Lifestyle modification in prediabetic individuals significantly reduced diabetes risk, triglycerides, LDL-C, and insulin resistance while increasing adiponectin levels compared to controls. The analysis found that prediabetic subjects experienced a 45.6% relative reduction in predicted diabetes risk, compared to only a 1.6% reduction in the control group.
Among diabetics, the lifestyle group achieved a 2.4-fold increase in remission rate (8.2% vs. 3.4%), along with greater weight loss and improvements in glycemic and inflammatory markers.
Conclusions
The study showed that prediabetic and diabetic individuals already display significant metabolic and inflammatory changes compared to healthy people. Insulin resistance, more than impaired insulin production, appears to drive early abnormalities.
However, in established diabetes, both insulin resistance and reduced insulin secretion are evident. Increased hs-CRP levels suggest an important role in inflammation, while changes in other markers were more modest.
Although lipid abnormalities were relatively mild for LDL-C and apolipoproteins, greater differences in triglycerides, HDL-C, and small dense LDL-C suggest an increased cardiovascular risk even before overt diabetes develops.
The results emphasize that metabolic deterioration starts well before clinical diabetes is diagnosed, underlining the importance of early identification and intervention in high-risk individuals.

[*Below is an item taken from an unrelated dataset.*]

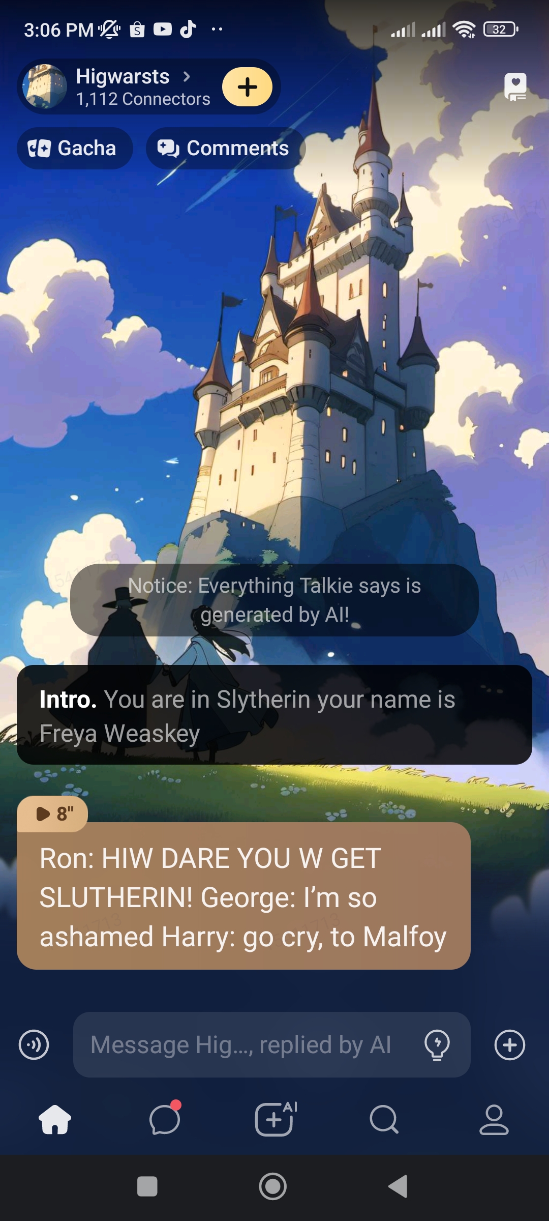 Ron: HIW DARE YOU W GET SLUTHERIN! George: I’m so ashamed Harry: go cry, to Malfoy

While this digital lifestyle program was effective in improving markers of risk, the authors note that broader evidence suggests fully digital interventions may have more modest impacts than blended or face-to-face approaches. Meta-analyses cited by the authors show that combined in-person and digital interventions result in greater conversion to normoglycemia than digital-only programs.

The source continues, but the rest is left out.